> _Exercise objective_
Range to repeat from the listing below: the line containing "This captivating painting" down to the line containing "Four framed Oriental", both included. Copy it exactly, pictures excluded, and add nothing else.

> _Records for the task_
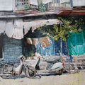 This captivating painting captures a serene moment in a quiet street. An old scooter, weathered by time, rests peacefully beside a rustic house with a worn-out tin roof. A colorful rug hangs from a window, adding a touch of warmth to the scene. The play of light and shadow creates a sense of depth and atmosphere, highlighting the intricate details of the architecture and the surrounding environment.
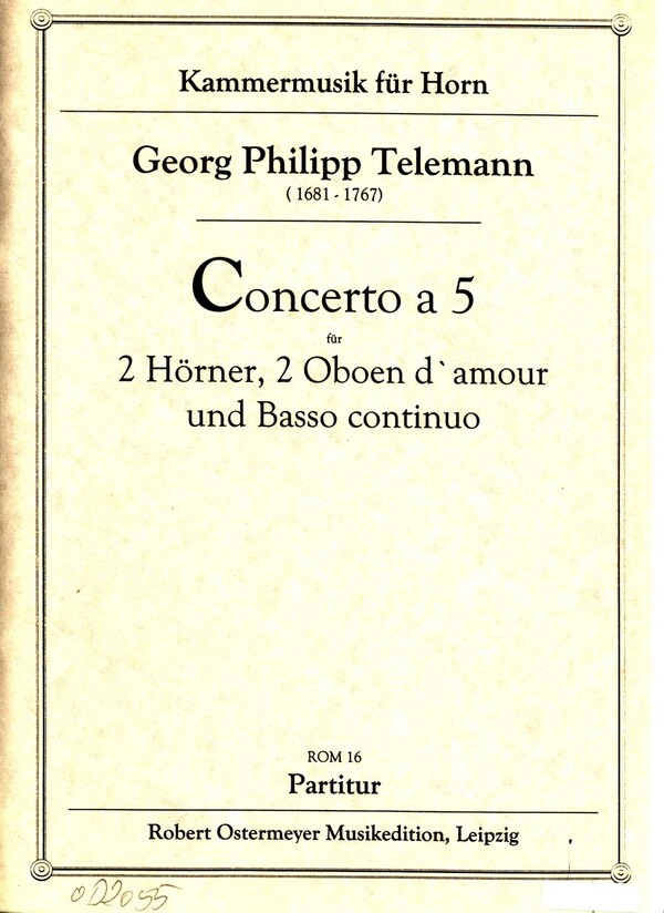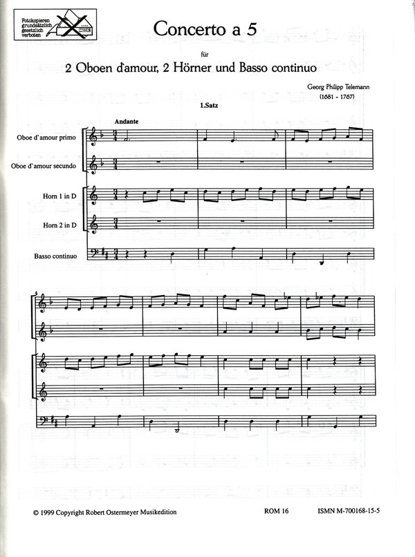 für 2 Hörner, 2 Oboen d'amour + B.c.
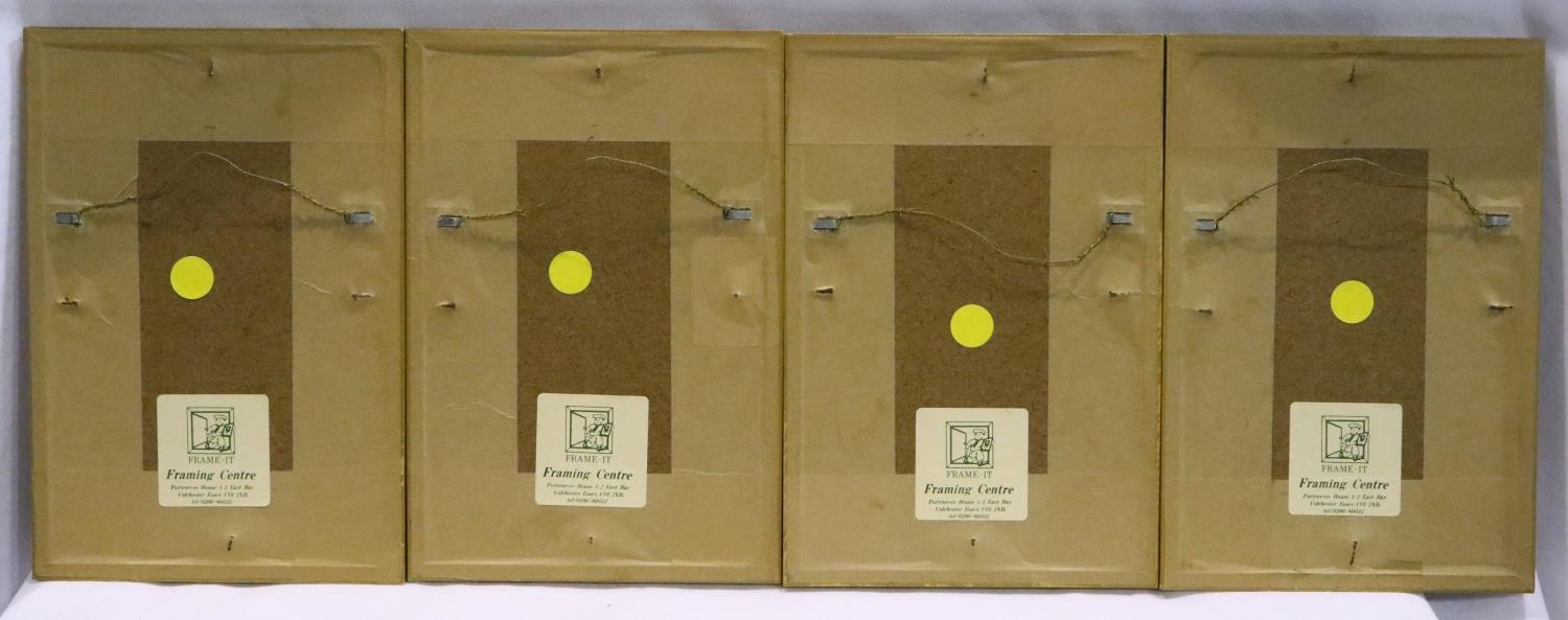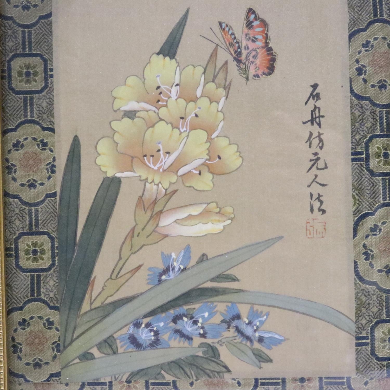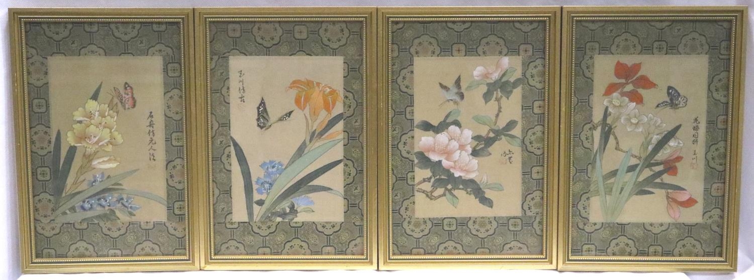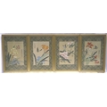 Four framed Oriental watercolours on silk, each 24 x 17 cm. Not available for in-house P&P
---
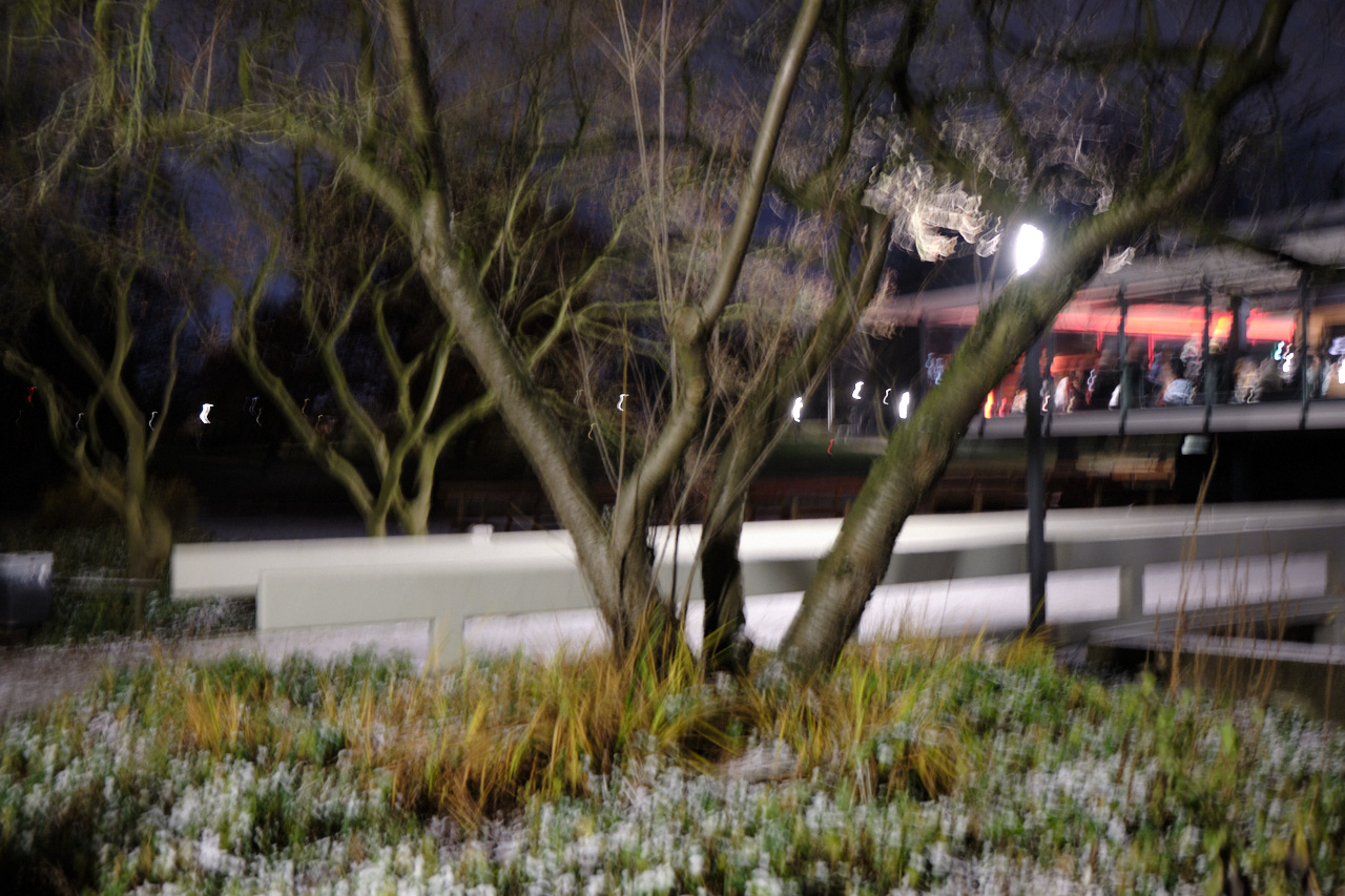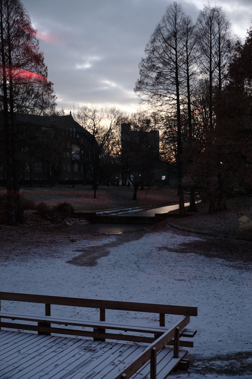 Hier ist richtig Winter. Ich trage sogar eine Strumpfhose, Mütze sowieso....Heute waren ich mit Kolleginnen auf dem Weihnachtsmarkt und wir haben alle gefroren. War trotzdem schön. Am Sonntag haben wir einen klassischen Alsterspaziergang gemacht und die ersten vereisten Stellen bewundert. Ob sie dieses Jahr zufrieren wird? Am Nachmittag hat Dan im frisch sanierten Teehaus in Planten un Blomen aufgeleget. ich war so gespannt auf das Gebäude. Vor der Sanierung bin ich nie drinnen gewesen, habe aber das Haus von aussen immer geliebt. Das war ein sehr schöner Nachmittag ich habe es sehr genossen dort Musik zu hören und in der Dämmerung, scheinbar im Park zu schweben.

> _Expected output_
 This captivating painting captures a serene moment in a quiet street. An old scooter, weathered by time, rests peacefully beside a rustic house with a worn-out tin roof. A colorful rug hangs from a window, adding a touch of warmth to the scene. The play of light and shadow creates a sense of depth and atmosphere, highlighting the intricate details of the architecture and the surrounding environment.
 für 2 Hörner, 2 Oboen d'amour + B.c.
 Four framed Oriental watercolours on silk, each 24 x 17 cm. Not available for in-house P&P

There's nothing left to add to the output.